Any advice would be great.

Thx.


----------



## Andy1001 (Jun 29, 2016)

confused0000 said:


> What do you do when your ex of 3 years comes back after almost a year of no contact and you're about to get engaged and married to someone new?
> 
> My ex and I had the best sex life ever, but she had a lot of personal issues. Addiction, partying, lying, lack of integrity, etc.
> 
> ...


The fact that you’re even asking this question makes it clear you are not suitable husband material. I could write a long spiel telling you what you should do but I have enough on my plate so I’ll just say this. 
Grow ****ing up!


----------



## NobodySpecial (Nov 22, 2013)

Marry no one. Commit to no one.


----------



## Deejo (May 20, 2008)

It's always easier than it looks.

Do not go back to the addict. 

Do not get engaged to or marry the girl with the expiring visa.

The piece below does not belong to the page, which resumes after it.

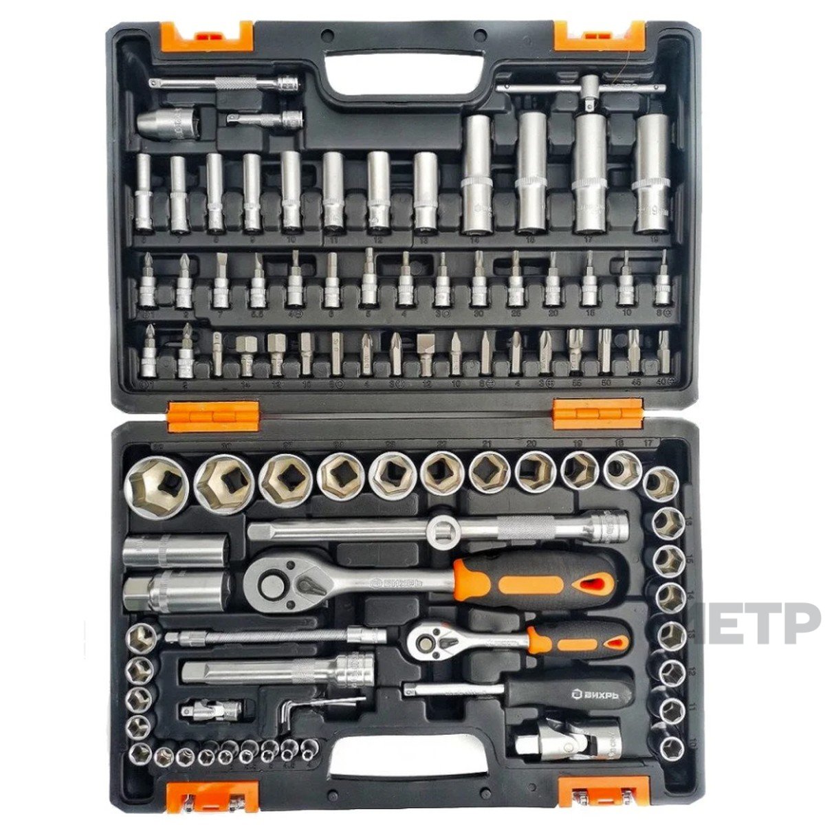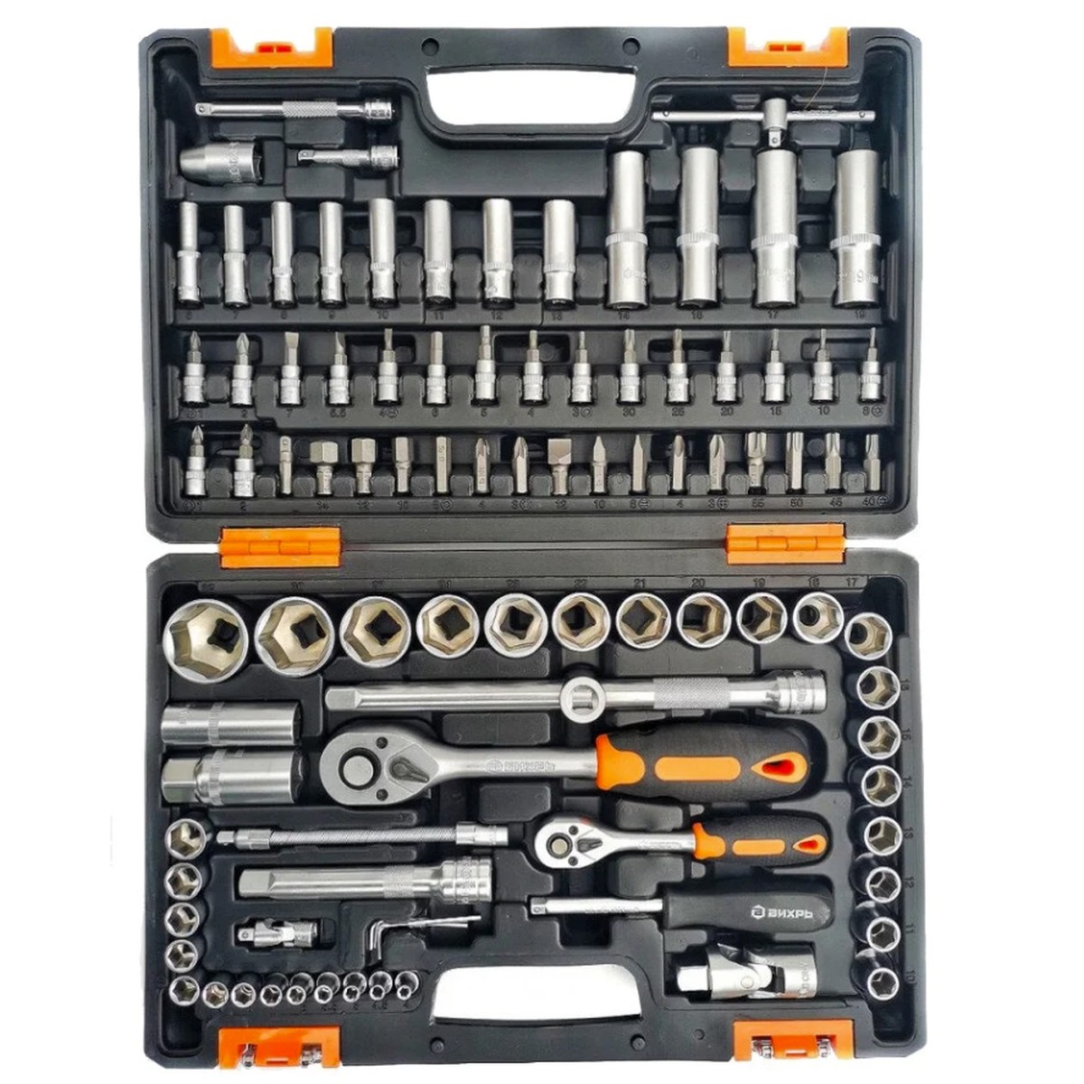 Набор инструментов Вихрь в кейсе 94 предмета, используется для ремонта автомобилей, мотоциклов, садовой и другой техники.Набор инструментов Вихрь может применяться как дома, так и на даче.Для изготовления головок и комбинированных ключей используется хромованадиевая сталь, которая придает инструменту хорошую твердость и легкость.Набор поставляется в кейсе, который изготовлен из жесткого противоударного пластика, с металлическими застёжками.

Figure out what you do want, outside of the two bad choices you gave yourself.


----------



## NobodySpecial (Nov 22, 2013)

Deejo said:


> It's always easier than it looks.
> 
> Do not go back to the addict.
> 
> ...


Also, do not get engaged to ANYONE regardless of their visa status while you are actively confused about whether or not you want to ... well, be married to them instead of your hottie ex.


----------



## Steve2.0 (Dec 11, 2017)

Ask yourself... what would a 'real' man do?

I don't think he would take back a lying cheating EX just because she came crawling back.

Edit - I didnt even realize your other girl has visa problems... I WOULD NOT TRUST either of them....


----------



## uhtred (Jun 22, 2016)

Let your rational brain work for a bit here. Is there really a question?



confused0000 said:


> snip
> Addiction, partying, lying, lack of integrity, etc.
> snip


----------



## Openminded (Feb 21, 2013)

You're not ready. Back away from both.


----------



## FieryHairedLady (Mar 24, 2011)

If you have to ask yourself this question, the new girl is not the one you should marry.

I would 86 them both.


----------



## ConanHub (Aug 9, 2013)

>Take them both?


----------



## 3Xnocharm (Jun 22, 2012)

Steve2.0 said:


> Ask yourself... what would a 'real' man do?
> 
> I don't think he would take back a lying cheating EX just because she came crawling back.
> 
> Edit - I didnt even realize your other girl has visa problems... I WOULD NOT TRUST either of them....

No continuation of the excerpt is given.